Floodway property owners could be bought out soon
BATON ROUGE - A woman who's lived on the same property all her life is now being told she might not be able to rebuild after the 2016 flood.
Alicia Donnell tells 2 On Your Side she feels cheated.
"Never did anybody come out and say, 'Miss Donnell you've made a mistake,'" she said.
Palmer Lane is tucked off South Harrells Ferry Road in Baton Rouge. It's a stone's throw from the Amite River. The property has been part of Donnell's family since before she was born. Before the flood, she was living there with her husband and her mother. It's where her mother wants to live out the rest of her days.
"And every day she asks me, 'do we get to go home today?'" said Donnell.
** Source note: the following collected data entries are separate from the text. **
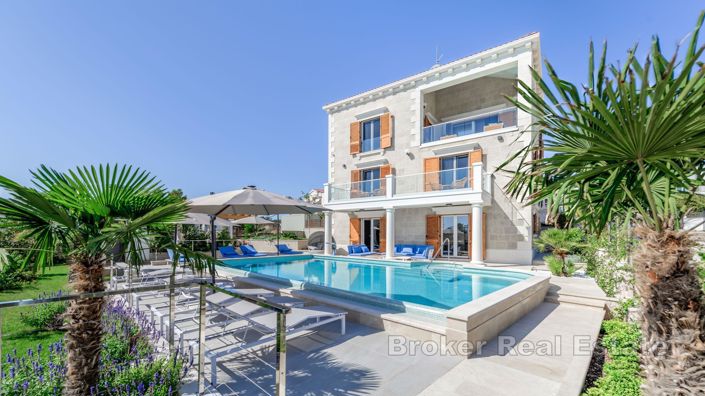Neuf pierre Villa avec piscine à débordement à seulement 50 m de la mer. Le Villa est situé dans le quartier résidentiel de Rogoznica, entouré de luxueuses villas Neuf. La façade extérieure de la Villa est entièrement faite de 3 types de pierre taillée à la main, le travail des meilleurs maçons de l'île de Brac La Villa est répartie sur 5 étages: Le sous-sol est conçu comme une salle pour socialiser avec un Cheminée, cet étage est également conçu comme une petite zone spa avec un sauna et un jacuzzi. Du sous-sol, on accède à la cour, où se trouve un Jardin magnifiquement aménagé en style méditerranéen, et un Piscine spacieux de 60m2 avec son propre espace de bronzage. Rez-de-chaussée Il se compose d'un couloir, d'un escalier, de 3 chambres où chaque chambre dispose de sa propre salle de bain, Balcon, d'une entrée et de deux terrasses. Dans cette Rez-de-chaussée il y a aussi une Garage et une buanderie. LE PREMIER ETAGE qui est accessible par un escalier intérieur, est constitué d'un couloir, d'une toilette, d'une chambre avec salle de bain, d'une cuisine, d'une salle à manger et d'un salon à plafonds élevés, et d'un Terrasse couvert avec une belle vue sur la mer
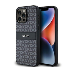 DKNY Leather Checkered Mono Pattern & Printed Stripes - Etui iPhone 15 Pro (czarny)
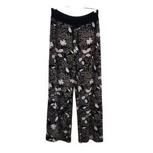 Chico's Travelers Black Tan Wide Leg Pants Lightweight Floral Drawstring Medium
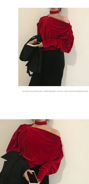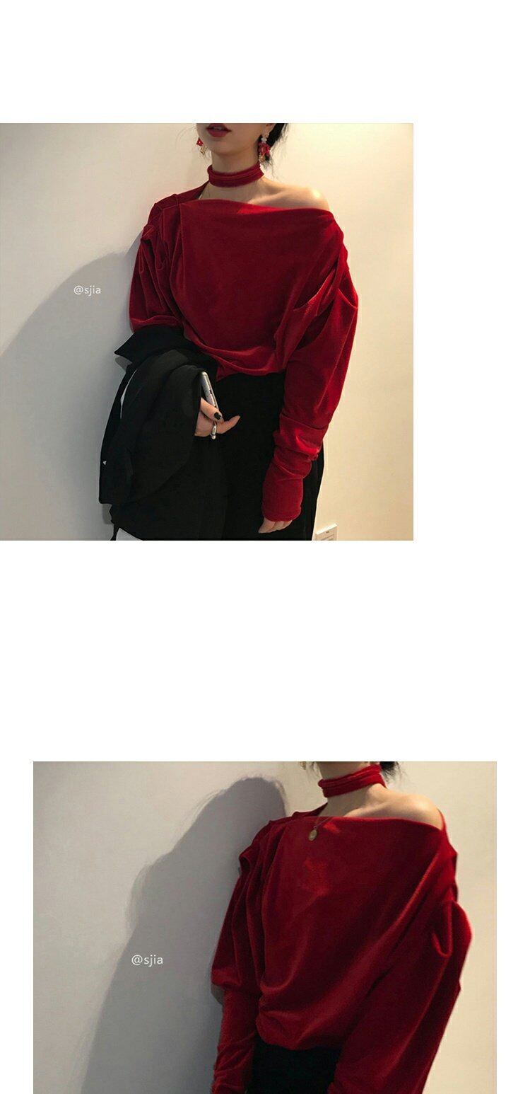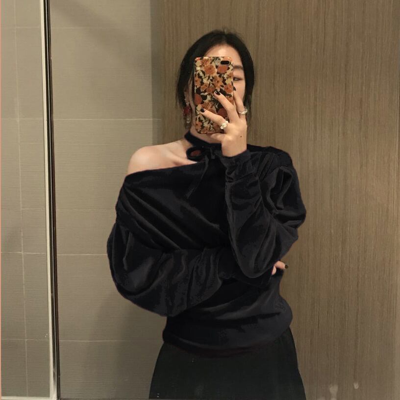 シャツ女性デザインセンスニッチ2019新しいシックなレトロなボトミングシャツワンショルダーベルベット長袖トップ 香港の味75475914133

Every day, she has to tell her mother they can't go home. The house took in about three feet of water in August 2016. The home is gutted, but Donnell didn't rip out the outside walls or the tile on the floor. She wears a mask when she walks inside to show WBRZ around the house she built in 2008. Donnell says the mold count is dangerous to her health.
The house was built with her mother in mind, who uses a wheelchair to get around.
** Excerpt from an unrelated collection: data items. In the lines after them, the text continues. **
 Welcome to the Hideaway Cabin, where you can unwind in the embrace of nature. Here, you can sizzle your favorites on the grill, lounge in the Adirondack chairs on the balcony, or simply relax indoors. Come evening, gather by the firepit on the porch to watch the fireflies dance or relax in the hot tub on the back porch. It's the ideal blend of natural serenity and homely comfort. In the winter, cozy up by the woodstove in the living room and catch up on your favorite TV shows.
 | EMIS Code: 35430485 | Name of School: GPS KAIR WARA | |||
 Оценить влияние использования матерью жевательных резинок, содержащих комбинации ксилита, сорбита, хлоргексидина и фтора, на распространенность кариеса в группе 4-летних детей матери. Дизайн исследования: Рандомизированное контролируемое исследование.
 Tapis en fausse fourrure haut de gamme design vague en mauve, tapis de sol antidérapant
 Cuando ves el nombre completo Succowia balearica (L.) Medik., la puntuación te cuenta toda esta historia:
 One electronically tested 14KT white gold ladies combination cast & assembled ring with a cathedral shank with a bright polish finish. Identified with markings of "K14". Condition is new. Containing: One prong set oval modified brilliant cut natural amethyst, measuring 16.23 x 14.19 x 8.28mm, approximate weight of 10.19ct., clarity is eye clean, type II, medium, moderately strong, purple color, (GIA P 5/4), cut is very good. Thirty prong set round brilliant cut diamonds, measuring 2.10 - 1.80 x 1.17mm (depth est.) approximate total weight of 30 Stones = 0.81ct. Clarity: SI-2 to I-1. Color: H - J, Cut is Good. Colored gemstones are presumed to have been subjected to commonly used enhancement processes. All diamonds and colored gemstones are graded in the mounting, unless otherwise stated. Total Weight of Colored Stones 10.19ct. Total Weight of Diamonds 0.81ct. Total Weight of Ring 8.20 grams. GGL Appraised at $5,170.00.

Recently, her dreams of rebuilding have come to a screeching halt. Donnell says she received some assistance from FEMA. Long ago, she paid off the house and no longer has flood insurance. She was also denied an SBA loan. She's also learned her entire property is in a floodway.
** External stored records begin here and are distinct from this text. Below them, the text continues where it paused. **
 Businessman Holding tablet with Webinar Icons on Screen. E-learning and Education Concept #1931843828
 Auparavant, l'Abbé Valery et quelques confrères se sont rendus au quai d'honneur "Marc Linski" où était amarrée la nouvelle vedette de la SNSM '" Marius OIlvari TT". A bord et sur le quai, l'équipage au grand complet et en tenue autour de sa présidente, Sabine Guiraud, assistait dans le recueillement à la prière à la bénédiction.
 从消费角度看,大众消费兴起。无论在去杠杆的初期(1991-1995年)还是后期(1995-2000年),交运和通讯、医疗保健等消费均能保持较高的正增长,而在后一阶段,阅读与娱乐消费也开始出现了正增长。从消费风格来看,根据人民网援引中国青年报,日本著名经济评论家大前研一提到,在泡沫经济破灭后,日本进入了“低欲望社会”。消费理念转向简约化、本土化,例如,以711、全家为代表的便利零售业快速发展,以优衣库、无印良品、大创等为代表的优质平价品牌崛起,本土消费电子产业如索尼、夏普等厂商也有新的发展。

A floodway is a designated channel of a river or stream that must remain free from obstruction in the event of flooding. It's an area where water is expected to flow.
Donnell says it's the first she's heard since she was permitted to build the house by the City-Parish.
She's not alone. Restore Louisiana says Donnell is one of about 400 homeowners who applied for the program and also lives on a floodway property. Those homeowners are in a holding pattern until funding becomes available, if that happens.
Director of the Office of Community Development Pat Forbes, says Restore Louisiana financial assistance can't be used for repairs, reimbursement of repairs, rehabilitation, or reconstruction. However, the program may offer a buyout in the future for homeowners with damaged properties inside floodways, if funding permits.
"We can run a buyout program, to get people up to a safer place and get started somewhere new," said Forbes.
Right now, Restore Louisiana is waiting on some language traveling through Congress. If it passes, it could reverse the way SBA loans are currently viewed and wipe them out as a duplication of benefits. That would significantly change the budget, as Restore Louisiana has never budgeted for something that wasn't allowed, which is replacing those SBA loans.
Forbes says Restore Louisiana would have to take a look at what that would cost the program and determine how much is left over to help people living in a floodway. The buyouts are expected to cost anywhere from $80 million to $100 million.
"It still looks very promising that we're going to be able to provide something for folks in the floodway," said Forbes.
Donnell says she doesn't know how she got here. She says she can't bear to leave the place she's always called home and wants to rebuild. She says if she had known she was in a floodway years ago, she would have built differently.
The City-Parish is researching Donnell's case specifically but says FEMA publishes the rules for building in a floodway, and that’s what East Baton Rouge follows. It also says the homeowner must obtain a no-rise certification for floodways, which would determine if the structure will increase flood heights. Whether or not Donnell was approved for a no-rise certification was undetermined at the time the story aired.
"I've never known any other property than this," she said.
Forbes says Restore Louisiana is on target to determine each award calculation by this fall.